- Bot fraud on connected TV (CTV) grew 69% year-over-year in 2022, in response to a report from measurement and analytics firm DoubleVerify.
- The number of CTV schemes detected by the corporate annually has also tripled since 2020. This encroachment follows a surge in advertiser investments within the channel, which became more popular with consumers amid the pandemic-driven shift to streaming.
- DoubleVerify’s findings follow an upfronts season that is anticipated to see brands and media buyers focus much more on CTV with recent offerings in the marketplace from Netflix, Disney+ and others.
DoubleVerify’s latest global insights report digs into an unsightly truth that has long dogged digital promoting channels: The greater the recognition, the more likely an area can be targeted by bad actors. A necessity for CTV to scrub up its act could change into pressing because the channel climbs in priority for advertisers, with marquee programming soon making the jump to the streaming arena.
CTV has emerged as a rare shiny spot in an otherwise down ad market. Consumers have expressed a powerful preference for streaming, ditching linear TV in droves. Streaming platforms and traditional networks, meanwhile, have increasingly turned to ad-supported plans as the main target shifts from growth to profitability in an oversaturated market. Netflix last week held its first-ever upfront, though the presentation pivoted to a virtual format on the last minute as a consequence of the entertainment author’s strike.
Even with investments flowing in and interest on the rise, CTV stays a comparatively immature channel with vulnerabilities that might be off-putting to advertisers which can be watching their budgets closely and looking out to chop down on wasteful spending.

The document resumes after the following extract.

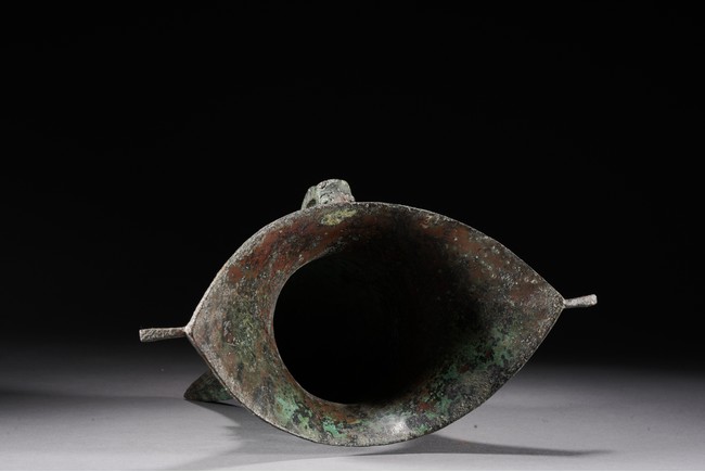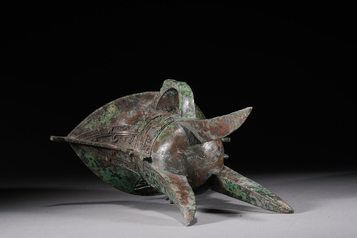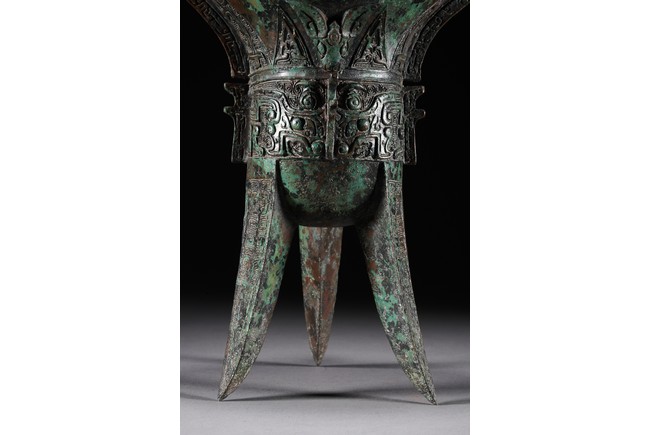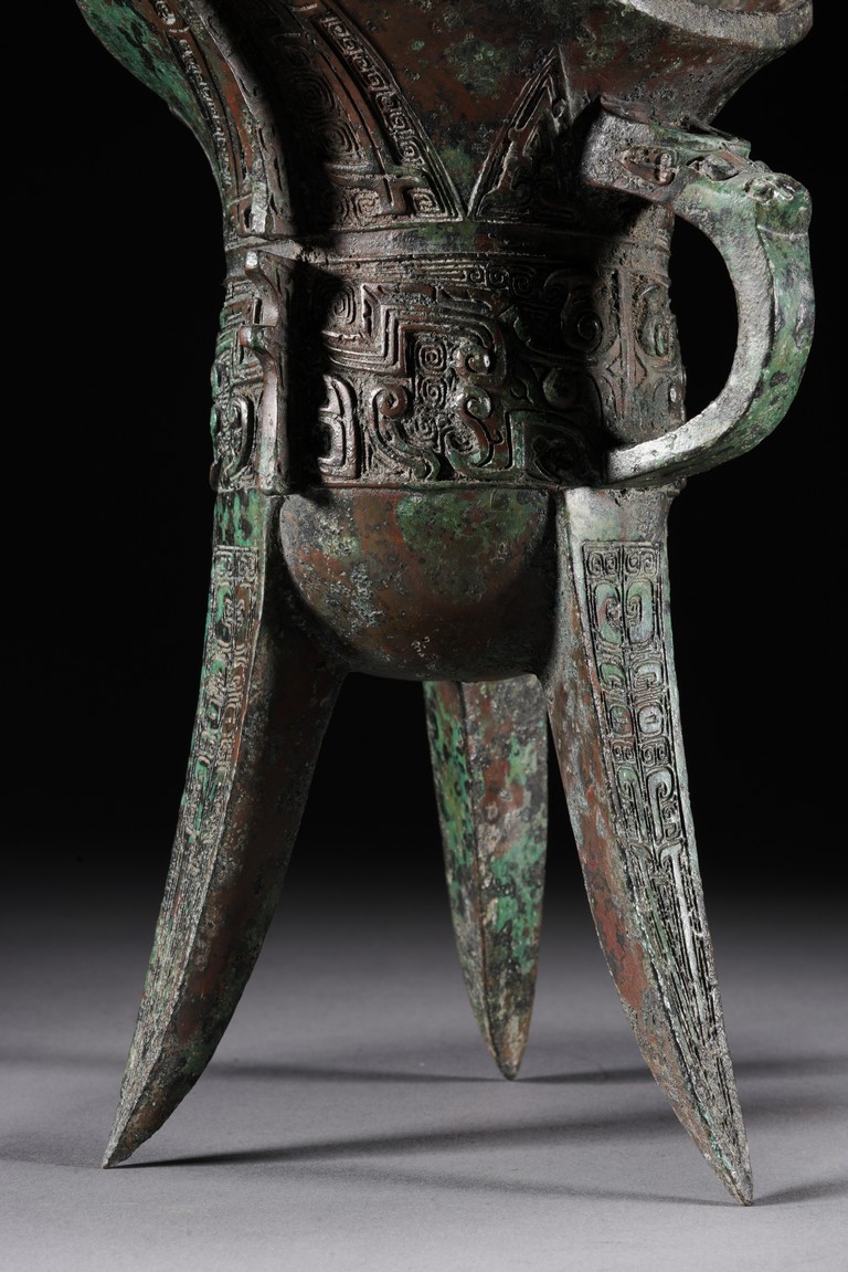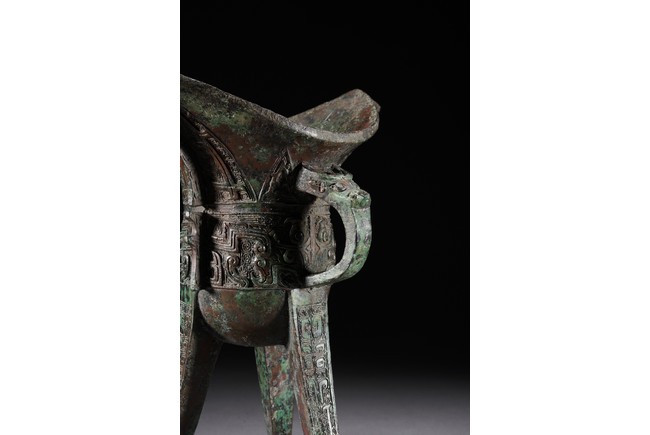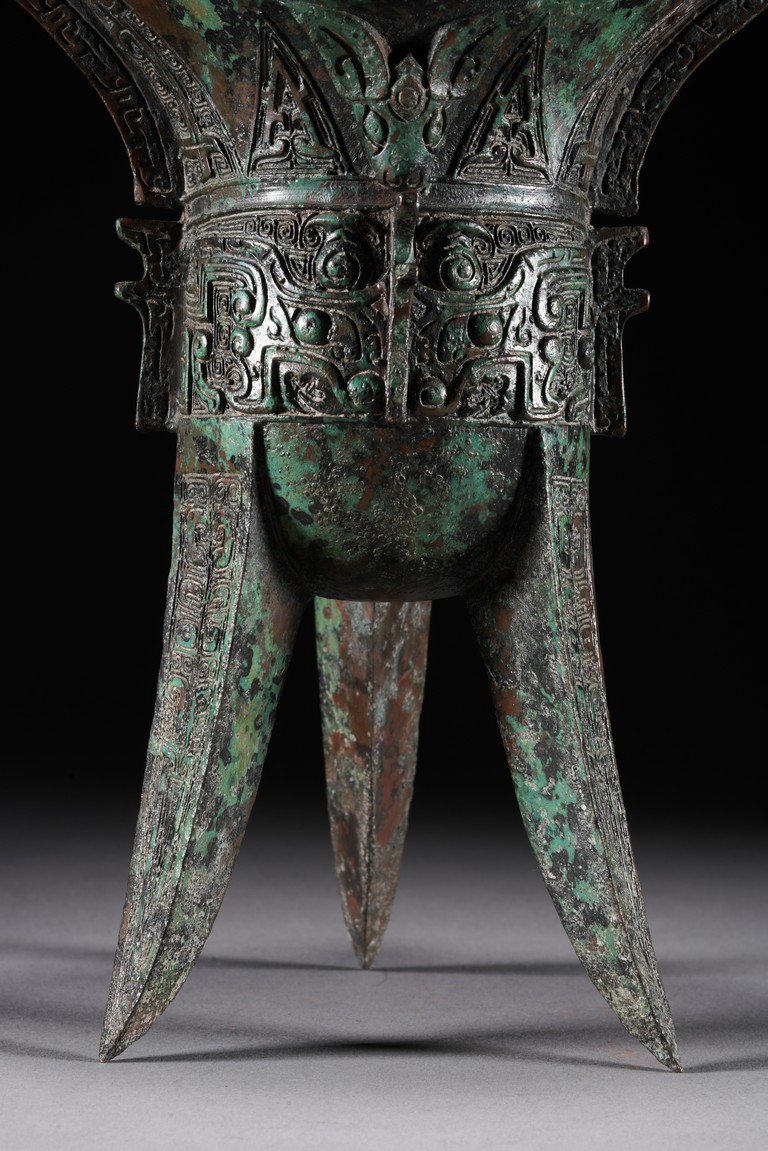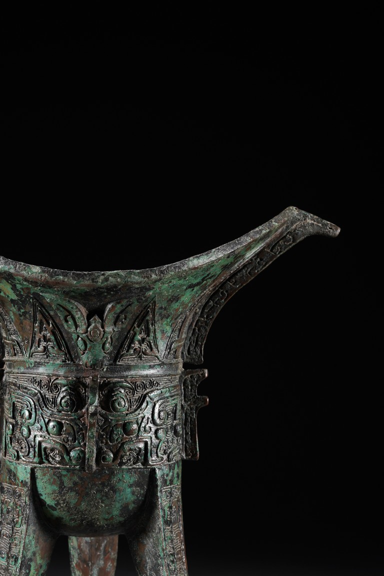 The vessel rests on three arched legs in the shape of triangular blades. The belly decorated with taotie masks on a leiwen background. Its handle is embellished with a bovine head.

“[With] growth come growing pains,” said Mark Zagorski, CEO of DoubleVerify, in a press statement. “As CTV becomes a top channel for consumers and advertisers alike, it also becomes a goal for fraud, making measurement and protection a critical a part of validating the efficacy of campaigns.”

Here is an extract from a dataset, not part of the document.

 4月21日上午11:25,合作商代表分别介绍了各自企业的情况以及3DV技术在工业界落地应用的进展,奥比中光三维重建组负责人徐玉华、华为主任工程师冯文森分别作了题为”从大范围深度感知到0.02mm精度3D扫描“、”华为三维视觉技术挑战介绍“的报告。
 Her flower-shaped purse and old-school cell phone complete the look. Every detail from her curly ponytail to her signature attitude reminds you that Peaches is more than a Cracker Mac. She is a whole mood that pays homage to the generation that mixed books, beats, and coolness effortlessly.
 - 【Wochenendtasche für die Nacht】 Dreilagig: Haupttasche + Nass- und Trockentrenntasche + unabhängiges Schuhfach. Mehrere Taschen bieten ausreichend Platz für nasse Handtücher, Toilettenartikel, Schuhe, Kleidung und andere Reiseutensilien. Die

DoubleVerify provides verification and brand safety solutions and used the research to trumpet its products. The firm compared the outcomes of a “protected” campaign to at least one where verification was not in place and located the unprotected campaign experienced fraud rates roughly 18 times higher, or at about 11.2%. The report’s broader findings were based on an evaluation of over 5.5 trillion media transactions conducted by 1,000 DoubleVerify customers across the globe.
While DoubleVerify has a transparent motivation for calling out CTV fraud, it is a subject advertisers can be paying closer attention to as they test the channel’s waters in greater numbers. The upfronts, a media-buying bonanza that has historically been dedicated to linear and broadcast TV deals, has put digital within the highlight in recent times. Well over half of this 12 months’s upfronts market is forecast to be made up of digital media buys, in response to Insider Intelligence. The researcher expects brands will commit $8.66 billion to CTV ads for the present period.